TM channels input form
When the user chooses to search a TM channel he is redirected to a form similar to that of the chamber search. The advanced parameters are the same as in chamber channels with the exception of Split distance that is omitted and Via sphere that is an obligatory parameter. In addition, the user needs to fill in the Channel vector parameter which is a vector representing the general direction of the channel or the main axis of the channel.

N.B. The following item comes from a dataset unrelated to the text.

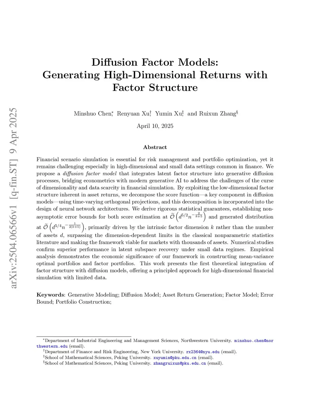 Financial scenario simulation is essential for risk management and portfolio optimization, yet it remains challenging especially in high-dimensional and small data settings common in finance. We propose a diffusion factor model that integrates latent factor structure into generative diffusion processes, bridging econometrics with modern generative AI to address the challenges of the curse of dimensionality and data scarcity in financial simulation. By exploiting the low-dimensional factor structure inherent in asset returns, we decompose the score function--a key component in diffusion models--using time-varying orthogonal projections, and this decomposition is incorporated into the design of neural network architectures. We derive rigorous statistical guarantees, establishing nonasymptotic error bounds for both score estimation at O(d^{5/2} n^{-2/(k+5)}) and generated distribution at O(d^{5/4} n^{-1/2(k+5)}), primarily driven by the intrinsic factor dimension k rather than the number of assets d, surpassing the dimension-dependent limits in the classical nonparametric statistics literature and making the framework viable for markets with thousands of assets. Numerical studies confirm superior performance in latent subspace recovery under small data regimes. Empirical analysis demonstrates the economic significance of our framework in constructing mean-variance optimal portfolios and factor portfolios. This work presents the first theoretical integration of factor structure with diffusion models, offering a principled approach for high-dimensional financial simulation with limited data. Our code is available atthis https URL.

Given the input macromolecular topological feature diversity in both channel types (out of chambers and TM channels), we suggest inspection of the results and manually changing the parameters if needed.
OUTPUT
Channels out of chambers output form
In chamber channel type with multiple channels (default), the results page contains a header table (top), channels table (left) and a Jmol viewer applet window on the right (Figure 1). The header table presents all the parameter values assigned for the run and the last column (right) contains a link for downloading the results files in Linux or Windows format. The channel table presents the data for all detected channels. Each row in the table contains information of a channel including its bottleneck radius, bottleneck residues along with their chain ID and split radius of the channel relative to the starting point. By clicking on the channel checkbox in the channels table, the user can observe the channel surface in the Jmol viewer window. Upon clicking on the channel gating residues list identified by MolAxis, they will be shown as spheres in Jmol. The gating residues are located in the channel table and denoted as bottleneck amino acids. The user can hide the bottleneck amino acids by pressing the ‘Hide residues' button. The user can also view the pathway tree of all the detected channels by clicking the checkbox ‘Toggle all spines'.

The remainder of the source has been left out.